The directors are responsible for the other information. The other information comprises the information in the Strategic Report and the Report of the Directors, but does not include the financial statements and our Report of the Auditors thereon.

Our opinion on the financial statements does not cover the other information and, except to the extent otherwise explicitly stated in our report, we do not express any form of assurance conclusion thereon.

In connection with our audit of the financial statements, our responsibility is to read the other information and, in doing so, consider whether the other information is materially inconsistent with the financial statements or our knowledge obtained in the audit or otherwise appears to be materially misstated. If we identify such material inconsistencies or apparent material misstatements, we are required to determine whether this gives rise to a material misstatement in the financial statements themselves. If, based on the work we have performed, we conclude that there is a material misstatement of this other information, we are required to report that fact. We have nothing to report in this regard.

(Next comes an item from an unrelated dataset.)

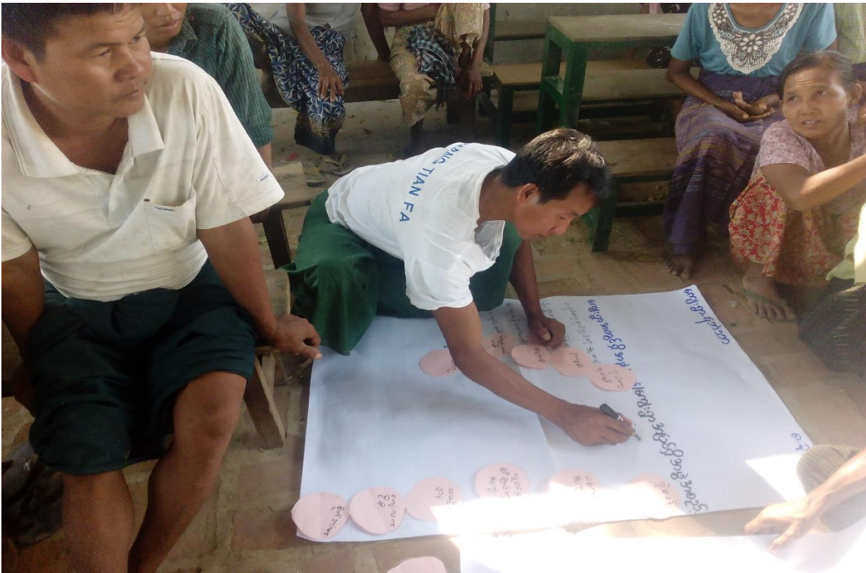
ကျေးရွာသူ၊ ကျေးရွာသားများအဖွဲ့အစည်းချိတ်ဆက်မှုပြ မြေပုံရေးဆွဲနေပုံ

Opinions on other matters prescribed by the Companies Act 2006
In our opinion, based on the work undertaken in the course of the audit:
- the information given in the Strategic Report and the Report of the Directors for the financial year for which the financial statements are prepared is consistent with the financial statements; and
- the Strategic Report and the Report of the Directors have been prepared in accordance with applicable legal requirements.

REPORT OF THE INDEPENDENT AUDITORS TO THE MEMBERS OF
KEMMETECH LIMITED


Matters on which we are required to report by exception
In the light of the knowledge and understanding of the company and its environment obtained in the course of the audit, we have not identified material misstatements in the Strategic Report or the Report of the Directors.

We have nothing to report in respect of the following matters where the Companies Act 2006 requires us to report to you if, in our opinion:
- adequate accounting records have not been kept, or returns adequate for our audit have not been received from branches not visited by us; or
- the financial statements are not in agreement with the accounting records and returns; or
- certain disclosures of directors' remuneration specified by law are not made; or
- we have not received all the information and explanations we require for our audit.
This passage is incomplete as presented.